公式LINE登録で初回10%オフ。サイクル設計の相談もLINEで受けている。 LINE: https://lin.ee/IsqXZZF
商品:
副作用と対策の詳細はウィンストロール副作用ガイド、アナバーとの効果差はアナバー vs ウィンストロール比較で解説。
FAQ
Q1. ウィンストロールは何週目から効果を実感できますか? A. 多くのユーザーで2-3週目から見た目の変化(血管・セパレーション)、4-6週目でピーク。1週目は静かなことが多い。
Q2. 25mg/日でも効果はありますか? A. ある。初使用・体重60kg台ならむしろ25-30mg/日スタートで様子を見るのが安全。

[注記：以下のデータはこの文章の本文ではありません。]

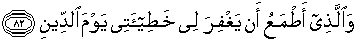 82. dan Yang amat kuinginkan akan mengampuni kesalahanku pada hari kiamat."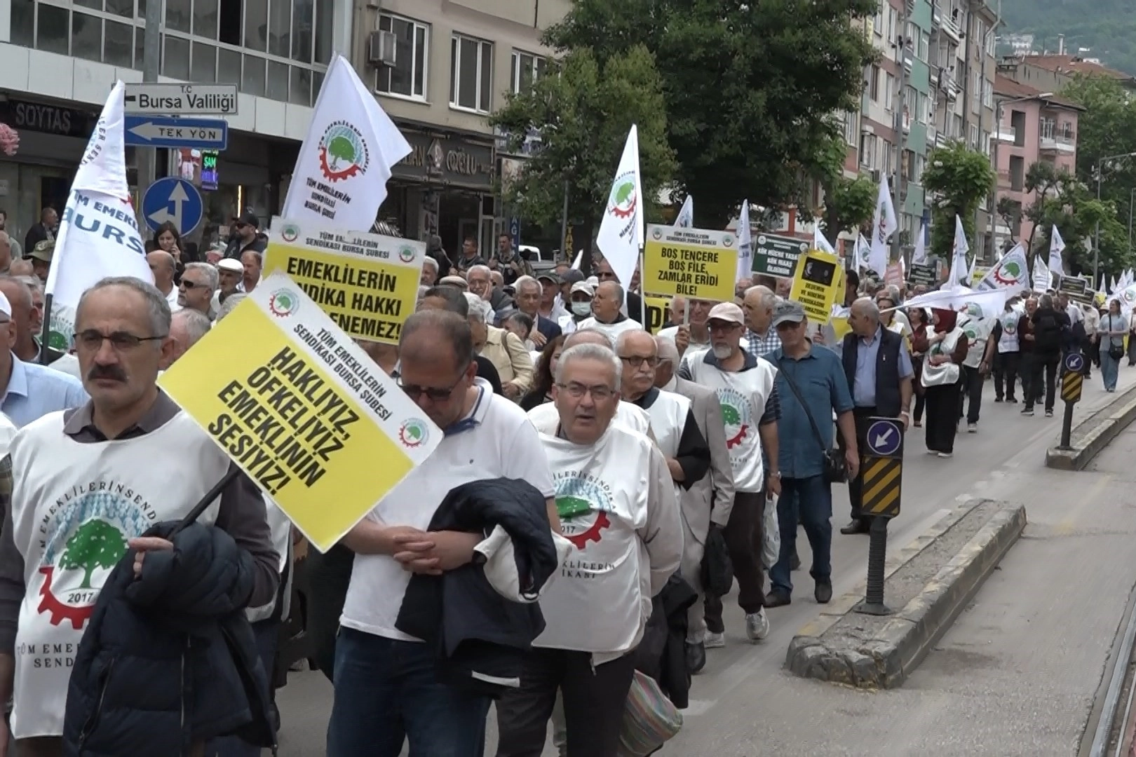 Atatürk Stadyumu önünde toplanan emekliler, Darmstad Caddesi üzerinden yürüyerek kent meydanında toplandı. Emekliler adına konuşan Tüm Emeklilerin Sendikası Başkanı Ensar Torun, "Ülke ekonomisi her yıl belli ölçekte doğal olarak büyüyor. Peki bu büyümeden, yani refah payından emekliler, çalışanlar neden yararlandırılmıyor? Emekliler hem ekonomik mücadelelerini sürdürecekler, hem de bu ülkenin olması gereken laik, demokratik, insan haklarını saygılı ve sosyal bir hukuk devlet olması için mücadele edeceklerdir” diye konuştu.

Q3. ウィンストロールだけ単体で使うのはアリですか? A. 可能だが、テストステロンが抑制された状態だけが残るリスクがあり推奨しにくい。最低限テストステロン併用が一般的。
Q4. SHBGが下がるって、結局何がいいんですか? A. 自分のテストステロンや併用しているテストステロンが「使える形(遊離テスト)」で増える。スタック全体の効きが上がる。
Q5. ウィンストロールで体重は減りますか? A. 大きくは減らない。1-2kg(主に水分)が目安。脂肪燃焼補助はあるが、ベースはカロリー制限とトレ。
Q6. 関節がきしむのは本当ですか? A. 多くのユーザーで報告される。コラーゲン代謝・滑液への影響が説。フィッシュオイル・コラーゲンサプリ・関節を酷使しないトレ調整で軽減できる。
Q7. 増量期に使うのはダメですか? A. 推奨しない。食欲ブーストがなく、水分も貯めないため、増量の追い風にならない。肝負担だけが残る。
Q8. 経口と注射、効果に差はありますか? A. 用量が同じなら効果はほぼ同等。注射は肝負担を逃せるが、痛み・しこりが強い。経口が現実的。
Q9. ウィンストロールを止めたら効果はゼロに戻りますか? A. 完全にゼロには戻らない(トレで作った筋量・経験は残る)が、「絞れて見える」状態は薄れる。PCT・栄養・トレ継続で持続度を上げる。
Q10. アナバーとどっちが「効く」ですか? A. 「効き方」が違う。アナバーは筋力保持・関節痛が出にくい・マイルド、ウィンストロールはドライ感・硬さ・SHBG低下が強い。目的による。比較はアナバー vs ウィンストロールを参照。
免責
本記事は個人輸入代行サイトの商品情報提供を目的とした解説であり、医療行為の推奨・医師の診断の代替を意図しない。スタノゾロールは日本国内未承認医薬品であり、使用は自己責任。基礎疾患のある方・未成年・妊娠中の方は使用しない。健康被害を感じた場合は速やかに使用を中止し医療機関を受診すること。